New packs that have yet to be heavily automated—but won’t stay that way—include the SteamPak Minis. These single-serve potatoes in a carton are designed to compete with overwrapped Russet potatoes available at supermarkets.

“The theory behind this product is if a customer was going to pick up an overwrapped Russet for their lunch, he could instead pick up this single-serve item,” Bender says. “It would be the same area of the store, and be sold at a similar price, but it would have the benefits of a skin-on, flavorful potato. The flavor is really the big difference there versus a Russet. The skin is where most of your nutrients are in a potato, and a lot of people don’t eat the skin of a Russet.”

Still, the largest volume is in the aforementioned bagged bite-sized to fingerling potato formats. So, that means a lot of vertical bagging at the company’s Arvin, CA, location, which is central for its constituent growers. The company now has 13 total packaging lines, 11 of which are bagging lines, plus two bulk fill lines.
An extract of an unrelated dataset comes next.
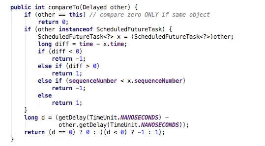 ScheduledThreadPoolExecutor会把待执行的任务放到工作队列DelayQueue中,DelayQueue封装了一个PriorityQueue,PriorityQueue会对队列中的ScheduledFutureTask进行排序,具体的排序算法实现如下:

Evolving into uniform scales
“Tasteful Selections had started in a smaller facility in 2010, and we originally were using a certain type of checkweigher. We just always struggled with those, both with speed and accuracy,” Bender says. “We had Yamato scales feeding the bagger, and those were great, but this other brand of checkweigher downstream from the bagger just wasn’t doing the job.”